The both of them had a lot of information to digest. His discovery of Kagome's abilities was unexpected. He no longer held the same prejudices he did 20 years ago about her kind, but he was still weary. He fought Inuyasha tooth and nail for his choice to love a priestess. It was dangerous… it was taboo… it was unheard of. Light and darkness just did not mix, but when he watched his sibling's fiancé ingratiate herself into their family, he could not deny that some of his prejudices were misplaced.
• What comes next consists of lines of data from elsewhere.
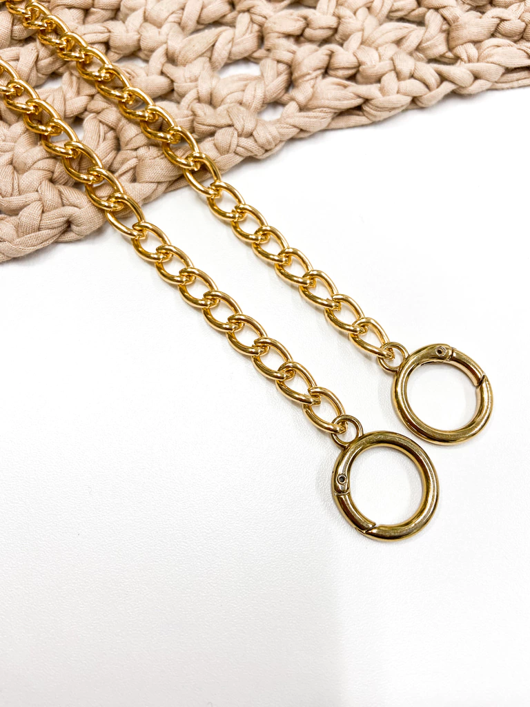 Alça com 1 metro de corrente e 2 mosquetões com banho de verniz italiano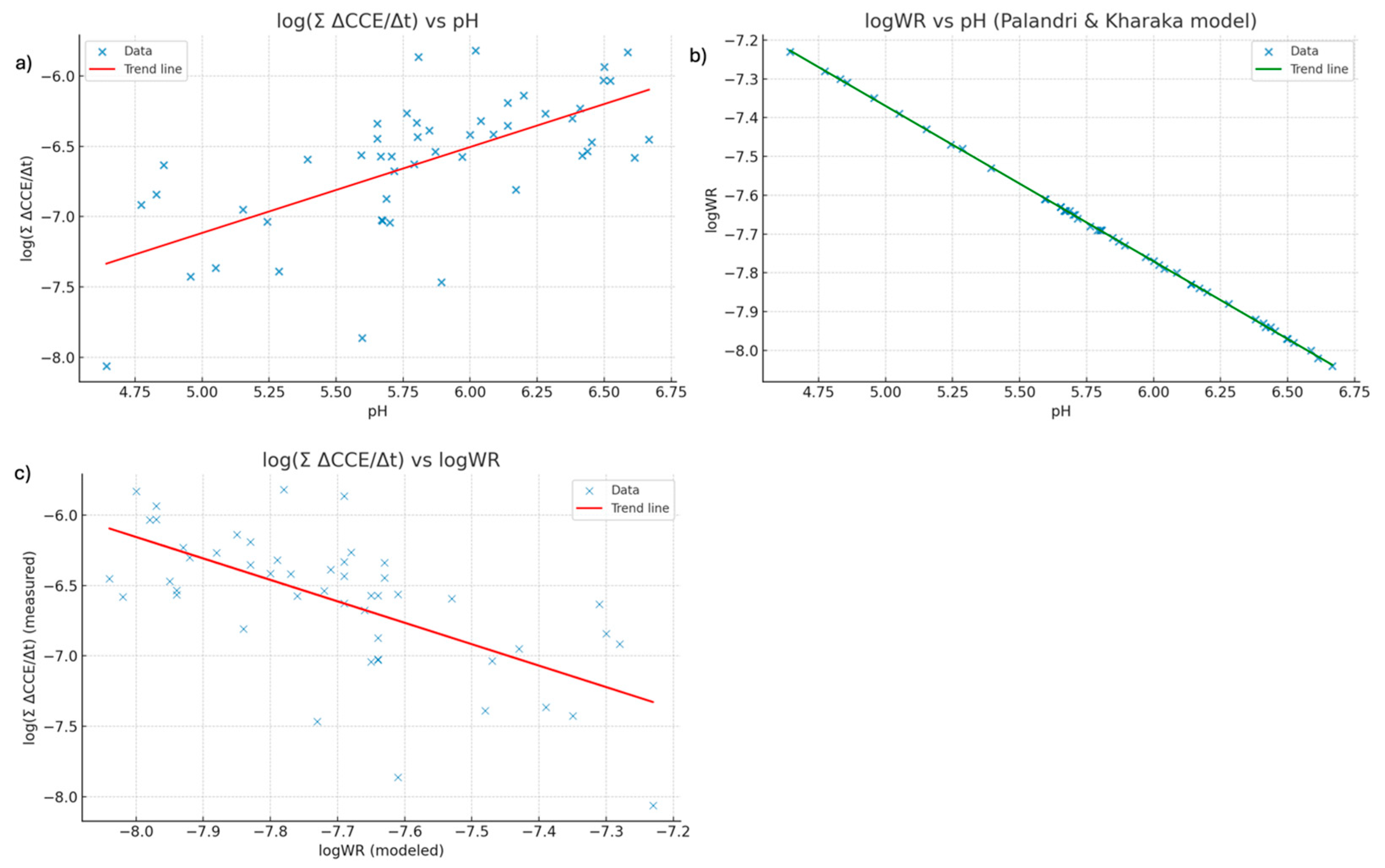 Table S4. This dataset forms the basis for the regressions and correlation analyses presented in the following tables, where we examine the relationship between soil pH and log (ΣΔCCE/Δt) and assess how well this proxy aligns with the theoretical logWR.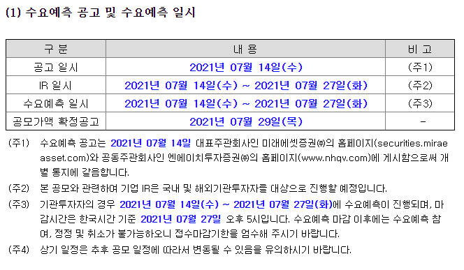 8/2~8/3간 청약신청을 하였다면 5일에 대금을 납입하게 되고 10일에 상장이 되게 됩니다. 청약일에 내가 몇주에 당첨됐는지 문자가 오거나 내가 직접들어가서 봤다면 청약당첨수량 * 공모가액을 현금으로 계좌에 넣어두시면 됩니다.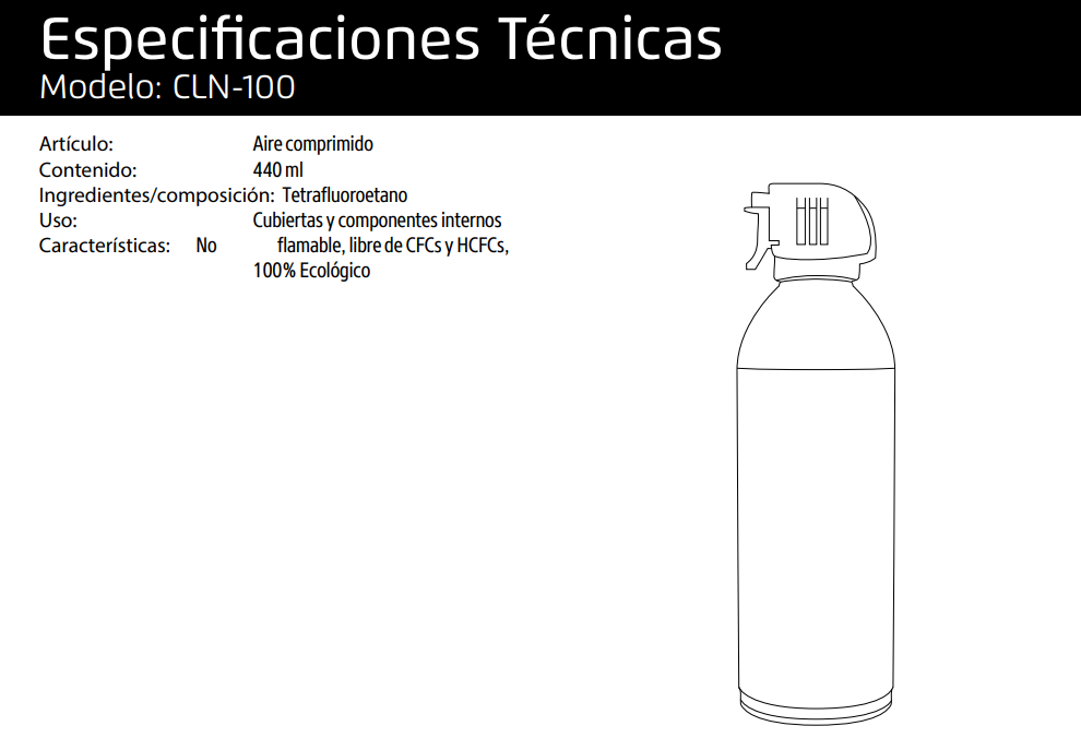El removedor de polvo CLN-100, formulado a base de gases inertes de alta pureza (ultrafiltrados y libres de humedad), envasado en alta presión.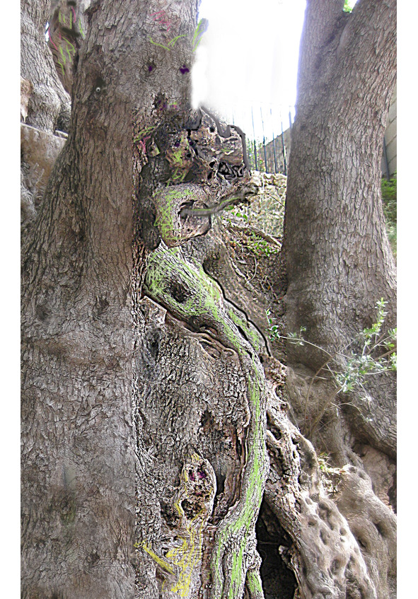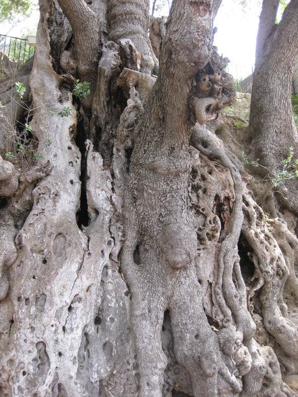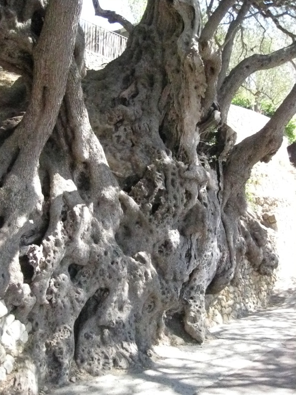 Это не было одним деревом с огромным стволом и широкой кроной, как представляла себе я. Это было несколько десятков стволов и корней, причудливо изогнутых. И все это переплетение представляло собой ширину в метров десять, если не больше! Да, я что-то слышала, что олива такое дерево, которое не погибает никогда, даже полностью обгорев, даже засохнув, она находит силы пустить новые ветки и стволы и живет еще четыре тысячи лет. Этому было только 1000 лет! Поэтому, запас прочности у него еще был.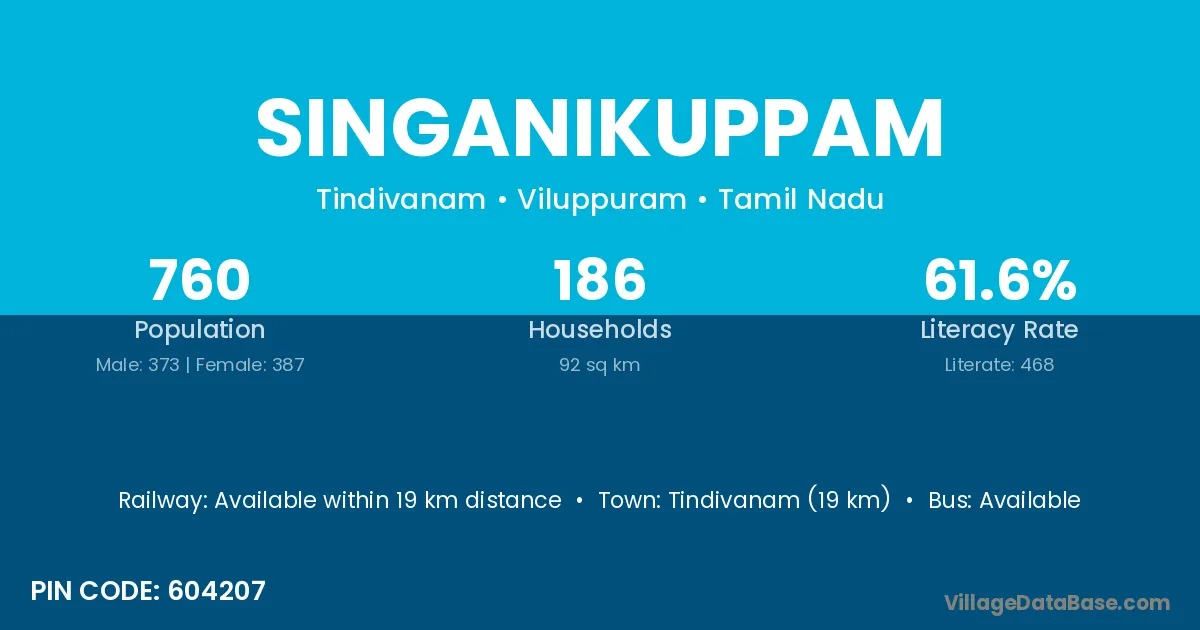 Singanikuppam village has a total population of 760 people, of which 373 are males and 387 are females.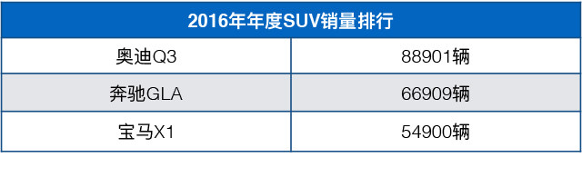 单说车辆产品也并不行,我们需要结合市场上销量的成绩来进一步参考,在2016年年度SUV销量排行榜上,奥迪Q3的销量超越了奔驰GLA和宝马X1,毕竟奥迪Q3以着德国BBA的档次,却卖着最便宜的价格,而且各方面行驶质感,配置都足够,卖得好不奇怪。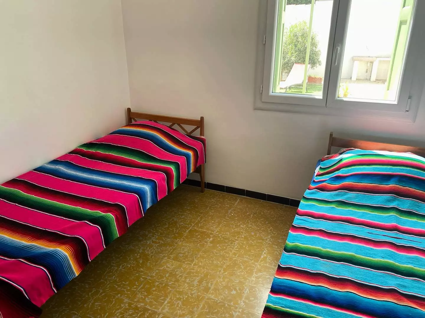 The house has two bedrooms: one with a double bed and the other with two single beds, perfect for accommodating the whole family or friends.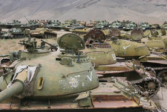 アフガニスタンに侵攻した際、ソ連軍が使い、遺棄された戦車=2007年5月、アフガニスタン東部のパルワン州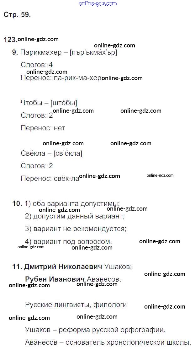 Готовые домашние задания по Русскому языку за 5 класс Рабочая тетрадь Львов УМК 2016 - Часть 1. Страницы 59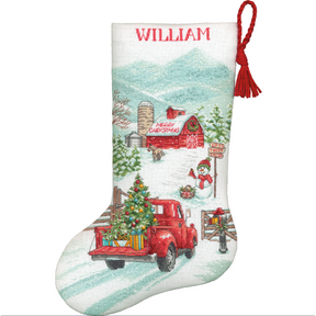 Ce motif au point de croix compté de Dimensions capture la magie de Noël dans une ferme avec un charmant camion rouge, une grange décorée, un bonhomme de neige et des détails de Noël. Ce bas est un merveilleux souvenir et facile à personnaliser avec l'alphabet inclus dans les instructions.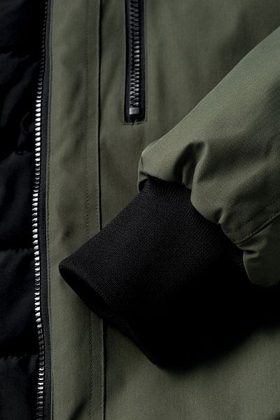 • Strickbündchen an den Ärmeln und am Bund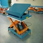 Mesele hidraulice sunt proiectate, in general, pentru a permite egalizarea pe verticala intre doua nivele. Modelele cu actionare electrica, prevazute cu o placa frontala montata la unul dintre capete, pot fi folosite si la descarcarea din autocamioane. In acest caz, sistemul frontal asigura un plan inclinat ce faciliteaza accesul cu transpaletul in/din mijlocul de transport marfa. Pentru o inaltime de ridicare de peste 2.000 mm, masa se considera instalatie de ridicat si este necesara ingradirea la ambele niveluri deservite, concomitent fiind impusa si interconditionarea pozitiei mesei cu deschiderea usilor. Platformele corespund normelor standardului EN 1570 E si detin marcajul CE, respectand legislatia in vigoare din Romania. Instalatia este pusa in miscare de catre un sistem de actionare cu cilindri hidraulici. Din punct de vedere constructiv, se disting trei modele: cu foarfeca simpla, cu foarfeca dubla/tripla verticala, respectiv cu foarfeca dubla/tripla orizontala. Toate piesele metalice sunt decapate si tratate pentru o rezistenta optima la coroziune, fiind acoperite cu lac poliuretanic ce le confera o suprafata neteda si anduranta la uzura provocata de factori mecanici. In ceea ce priveste capacitatea, mesele pot ridica obiecte cu mase de la 500 kg pana la 12.000 kg la inaltimi cuprinse intre 550 mm si 4.500 mm. Principalele aplicatii pentru care se recomanda folosirea acestor mecanisme sunt: sistem pentru paletizarea produselor; accesoriu aferent utilajelor de prelucrare a panourilor din lemn; echipament utilizat pentru stivuirea de produse; element destinat echiparii benzilor transportoare in sectiile unde se executa produse in serii mari; sistem pentru incarcarea-descarcarea paletilor din autovehicule; echipament din categoria lifturilor de marfa instalate in depozite sau spatii de productie. {adauga_php file=formular.php}

She was a decent being who defied all stereotypes… and she died much too young.
A half century ago, he would have never assumed he'd end up courting a ningen, especially considering how Inuyasha's mother had broken up his happy child hood home, and now here he was two for two… not only was the woman of his infatuation human… she was holy as well.
Lost in his thoughts, he hadn't realized that Kagome was lost in her own as well.
She was a miko? How? And what did Inuyasha mean when he said karma was a bitch? So many questions were swirling around in her head. She didn't know which one she wanted answered first, so she sat there in silence with her youkai lover.
….
A/N: Here we Go! 'In my Mario voice' So here we have youkai society being explained and the beginning of a new arc. We are getting closer to figuring out the mystery behind Sango's parent's deaths and we have revealed Kagome's miko ability (wonder how this will affect Sessh's and Kag's relationship)! Hope you enjoyed it!